Stored data:
◇ ◇ ◇ ◇ ◇
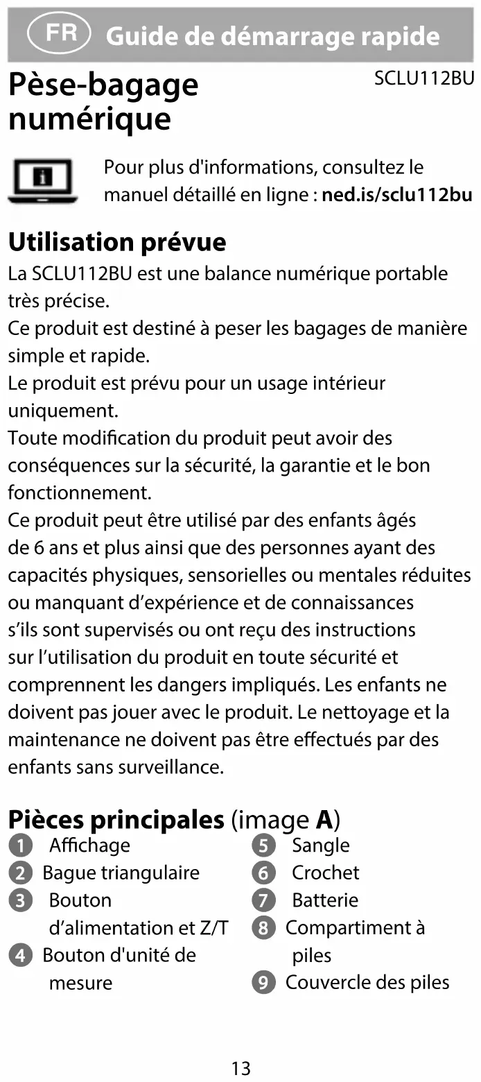 Guide de démarrage rapide Pèse-bagage numérique SCLU112BU Pour plus d'informations, consultez le manuel détaillé en ligne : ned.is/sclu112bu Utilisation prévue La SCLU112BU est une balance numérique portable très précise. Ce produit est destiné à peser les bagages de manière simple et rapide. Le produit est prévu pour un usage intérieur uniquement. Toute modication du produit peut avoir des conséquences sur la sécurité, la garantie et le bon fonctionnement. Ce produit peut être utilisé par des enfants âgés de 6 ans et plus ainsi que des personnes ayant des capacités physiques, sensorielles ou mentales réduites ou manquant d’expérience et de connaissances s’ils sont supervisés ou ont reçu des instructions sur l’utilisation du produit en toute sécurité et comprennent les dangers impliqués. Les enfants ne doivent pas jouer avec le produit. Le nettoyage et la maintenance ne doivent pas être eectués par des enfants sans surveillance. Pièces principales (image A) 1 Achage 2 Bague triangulaire 3 Bouton d’alimentation et Z/T 4 Bouton d'unité de mesure 5 Sangle 6 Crochet 7 Batterie 8 Compartiment à piles 9 Couvercle des piles14 Consignes de sécurité
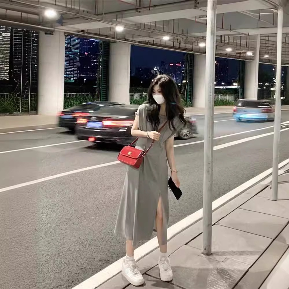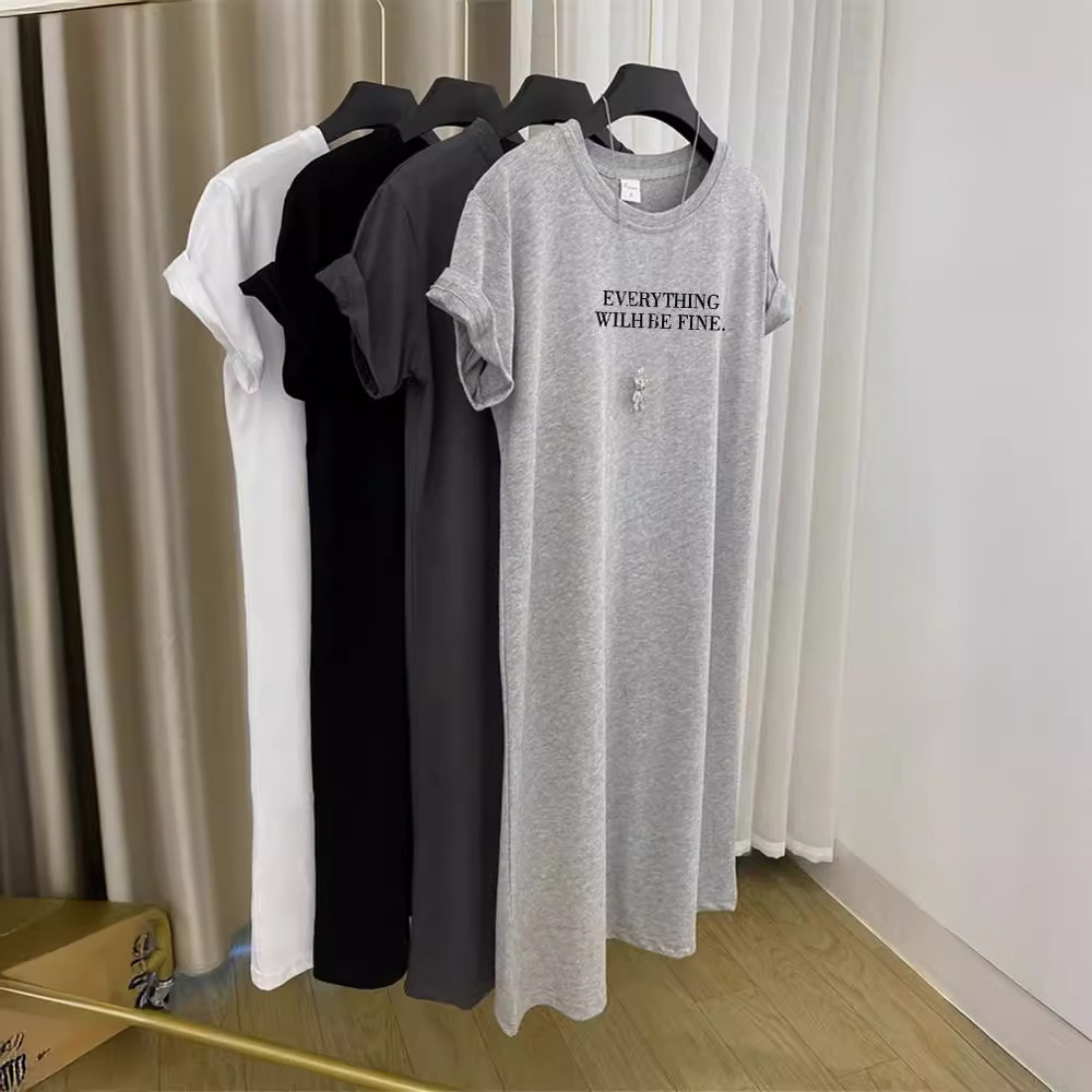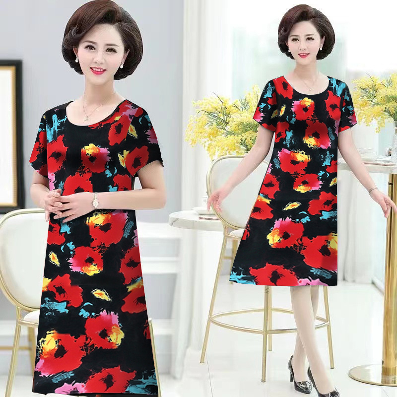 プリント半袖の肉を遮るのはやせているお母さんのスカートの2024夏の新型の大きいサイズのゆったりしている中の長さの気質のワンピースの女性です。
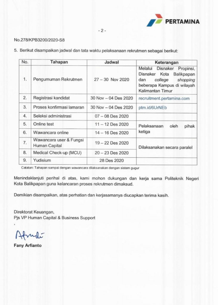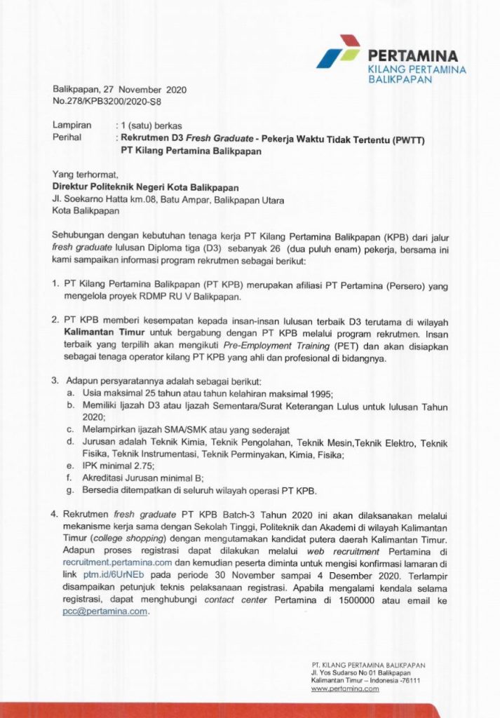 | Nama Berita | Rekrutmen D3 Fresh Graduate - Pekerja Waktu Tidak Tentu di Pertamina Balikpapan |
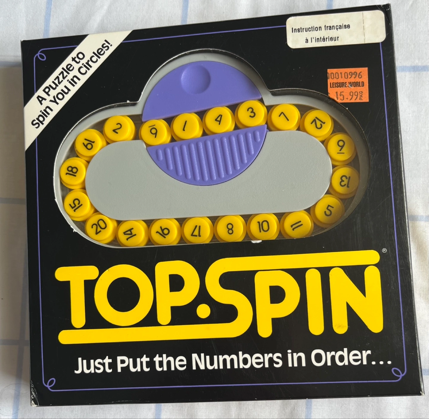 Vintage Top Spin number puzzle. Three ways to play. Includes instructions. Ages 8 and up. Great to exercise the BRAIN 🧠. With Summer coming, it will be great to keep your children occupied while traveling or around the 🏡
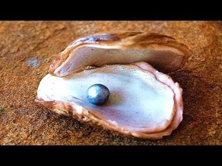 A natural pearl begins its life inside an oyster's shell when an intruder, such as a grain of sand or bit of floating food, slips in between one of the two shells of the oyster, a type of mollusk, and the protective layer that covers the mollusk's organs, called the mantle.
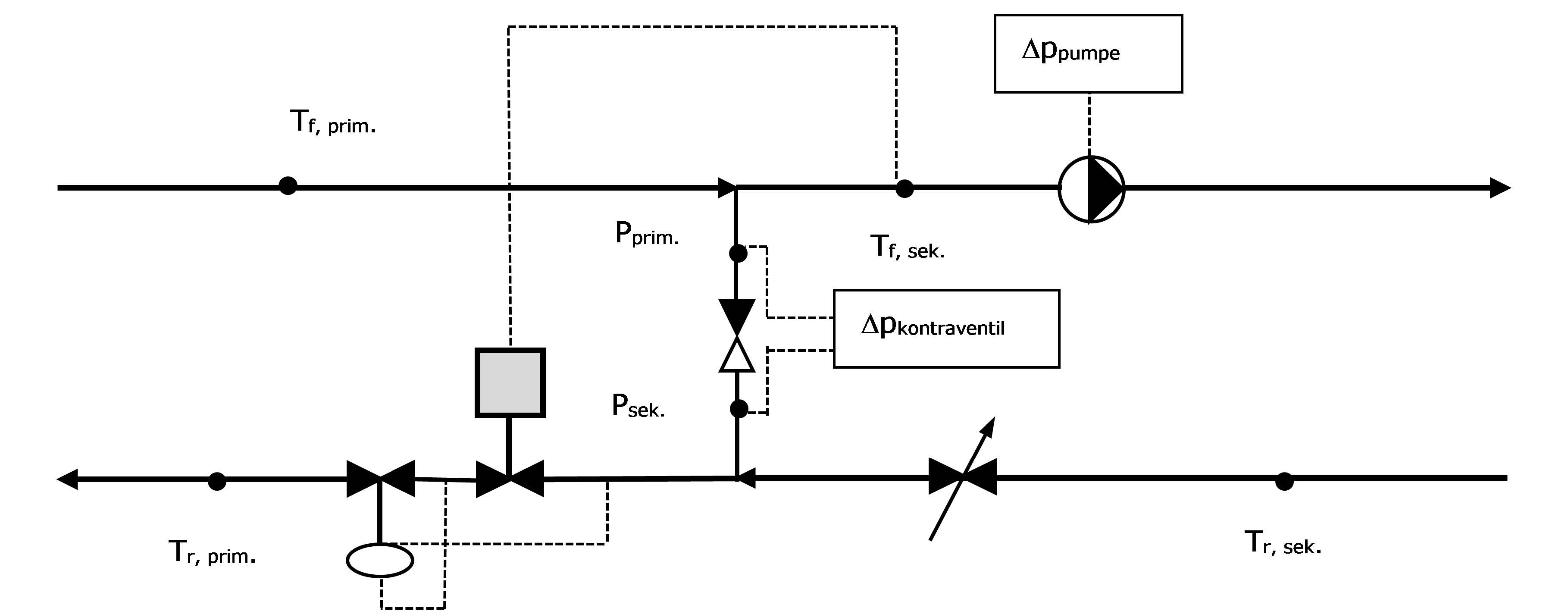 Den primære opgave for kontraventilen i blandekredsen er, at sikre den rigtigeflowretning. Det betyder, at returvandet fra varmeanlægget skal kunne løbe til fremløbsledningen og blive opblandet med fremløbsvandet. Derimod må fjernvarmevandet ikke kunne løbe direkte til returledningen. Vurderingen af om kontraventilen i blandekredsen fungerer/er dimensioneretkorrekt er baseret på målinger af følgende parametre:
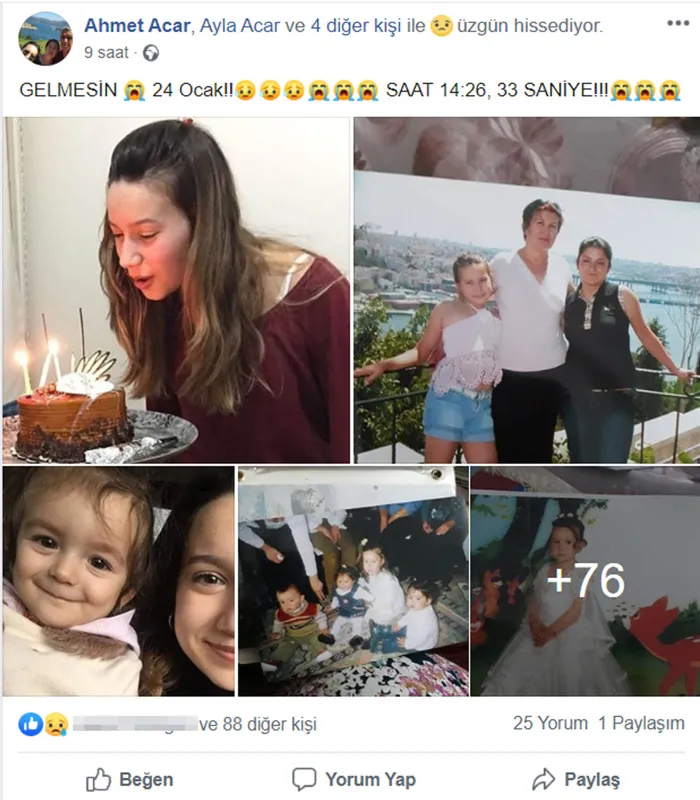 Kepçelerle yürütülen çalışmaların altına "Bugün kızımız Kader Buse Acar'ı aradık. Yine bulamadık. Yine boynumuz bükük geri döndük" yazdı. Acar ailesine sosyal medyadan destek yağdı.
◇ ◇ ◇ ◇ ◇
__Task directions__
Every line between the one containing "Vintage Top Spin" and the last line of the data above, both included, should be copied exactly, but not the pictures.

__Solution to this exercise__
 Vintage Top Spin number puzzle. Three ways to play. Includes instructions. Ages 8 and up. Great to exercise the BRAIN 🧠. With Summer coming, it will be great to keep your children occupied while traveling or around the 🏡
 A natural pearl begins its life inside an oyster's shell when an intruder, such as a grain of sand or bit of floating food, slips in between one of the two shells of the oyster, a type of mollusk, and the protective layer that covers the mollusk's organs, called the mantle.
 Den primære opgave for kontraventilen i blandekredsen er, at sikre den rigtigeflowretning. Det betyder, at returvandet fra varmeanlægget skal kunne løbe til fremløbsledningen og blive opblandet med fremløbsvandet. Derimod må fjernvarmevandet ikke kunne løbe direkte til returledningen. Vurderingen af om kontraventilen i blandekredsen fungerer/er dimensioneretkorrekt er baseret på målinger af følgende parametre:
 Kepçelerle yürütülen çalışmaların altına "Bugün kızımız Kader Buse Acar'ı aradık. Yine bulamadık. Yine boynumuz bükük geri döndük" yazdı. Acar ailesine sosyal medyadan destek yağdı.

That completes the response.